Dijérase que tras aquella pregunta se ocultaba alguna intención peculiar.
—Tiene un rostro maravilloso —repuso el príncipe—. Y estoy seguro de que no ha vivido una existencia vulgar. Aunque su fisonomía es alegre, esta mujer ha debido de atravesar grandes sufrimientos, ¿no? Los ojos lo dicen, y lo dicen sus pómulos, y lo dicen esas ojeras... Tiene un rostro orgulloso, altanero... No sé si será o no una mujer de buen corazón. ¡Si fuera buena, todo lo demás podría pasar!
—¿Se casaría usted con una mujer así? —preguntó Gania, mirando fijamente a Michkin con ojos ardientes.
—Yo no puedo casarme con mujer alguna, porque estoy enfermo —respondió el príncipe.

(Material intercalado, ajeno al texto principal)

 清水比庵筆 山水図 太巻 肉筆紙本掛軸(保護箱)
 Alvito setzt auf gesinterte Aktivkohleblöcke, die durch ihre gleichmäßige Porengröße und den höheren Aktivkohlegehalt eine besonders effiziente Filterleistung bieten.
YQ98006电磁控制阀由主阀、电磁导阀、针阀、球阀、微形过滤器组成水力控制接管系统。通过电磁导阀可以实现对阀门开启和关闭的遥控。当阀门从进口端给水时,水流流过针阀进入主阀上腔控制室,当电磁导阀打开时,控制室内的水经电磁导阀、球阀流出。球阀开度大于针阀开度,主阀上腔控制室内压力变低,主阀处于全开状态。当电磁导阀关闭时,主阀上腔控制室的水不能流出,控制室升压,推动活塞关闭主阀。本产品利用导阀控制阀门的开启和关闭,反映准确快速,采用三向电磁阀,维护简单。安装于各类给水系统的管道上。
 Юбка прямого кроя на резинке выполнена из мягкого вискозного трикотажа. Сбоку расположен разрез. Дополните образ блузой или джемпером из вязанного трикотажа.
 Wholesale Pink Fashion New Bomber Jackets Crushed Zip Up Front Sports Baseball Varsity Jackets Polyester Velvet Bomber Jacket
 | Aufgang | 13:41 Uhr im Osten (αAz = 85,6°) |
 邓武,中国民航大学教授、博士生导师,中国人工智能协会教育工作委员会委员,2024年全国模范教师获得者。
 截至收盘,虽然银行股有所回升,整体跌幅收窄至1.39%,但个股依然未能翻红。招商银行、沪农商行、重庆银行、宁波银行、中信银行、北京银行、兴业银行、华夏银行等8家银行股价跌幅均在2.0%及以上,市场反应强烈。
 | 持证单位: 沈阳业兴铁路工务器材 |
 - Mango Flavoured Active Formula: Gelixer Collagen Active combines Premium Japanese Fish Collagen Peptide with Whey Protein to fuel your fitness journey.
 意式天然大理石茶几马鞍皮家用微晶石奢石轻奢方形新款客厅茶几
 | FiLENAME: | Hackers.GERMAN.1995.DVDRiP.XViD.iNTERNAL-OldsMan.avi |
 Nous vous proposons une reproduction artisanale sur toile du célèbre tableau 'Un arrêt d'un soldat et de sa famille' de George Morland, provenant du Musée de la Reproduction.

—¿Y Rogochin se casaría con ella? ¿Qué opina usted?
—¡Casarse con ella! Hoy mejor que mañana, si pudiera. Aunque tal vez dentro de una semana la asesinase...
Al oír esta contestación Gania se estremeció tan violentamente que el príncipe hubo de contenerse para no lanzar un grito.
—¿Qué le pasa? —dijo tomando el brazo del secretario.
El criado apareció en la puerta.
—Excelencia, Su Excelencia le ruega que pase a ver a Su Excelencia. Michkin siguió al lacayo.
IV
Las tres hijas del general Epanchin eran unas jóvenes robustas, saludables, altas, desarrolladas, con magníficos hombros, ancho pecho y brazos fuertes, casi masculinos. De acuerdo con esta sana y vigorosa constitución necesitaban comer bien y no disimulaban el hecho. A veces su madre se mostraba escandalizada de semejante apetito y de la naturalidad con que lo satisfacían, pero aunque sus hijas la escuchaban respetuosamente, algunas de sus opiniones habían dejado de tener la indiscutida autoridad que poseyeran años antes, tanto más cuanto que las tres muchachas, obrando siempre de concierto, formaban un conjunto demasiado fuerte para su madre, y ésta, por salvar su dignidad, había de prescindir de su oposición. Cierto que su carácter le impedía a veces el seguir los dictados del sentido común, porque Lisaveta Prokofievna tenía cada año que pasaba más impaciencia y más caprichos. Incluso cabe decir que se mostraba extravagante. Por fortuna disponía siempre a mano de un marido tolerante y sumiso, sobre quien descargaba sus enojos, con lo que la paz doméstica se restablecía y las cosas tornaban a marchar tan bien como antes.
De otra parte, la señora Epanchin no carecía tampoco de apetito. Por regla general se reunía con sus hijas a las doce y media para participar en un substancioso almuerzo casi equivalente a una comida. Las jóvenes bebían siempre una taza de café en sus lechos, a las diez en punto, cuando despertaban. Les placía esta costumbre y la habían adoptado como definitiva. A las doce y media la mesa estaba servida en un comedorcito próximo a las habitaciones de su madre y a veces el general, cuando tenía tiempo, participaba en el almuerzo de su familia. Además de té, café, queso, miel y manteca, veíanse en la mesa ciertas frituras muy apreciadas por la dueña de la casa, chuletas y sopa espesa y caliente.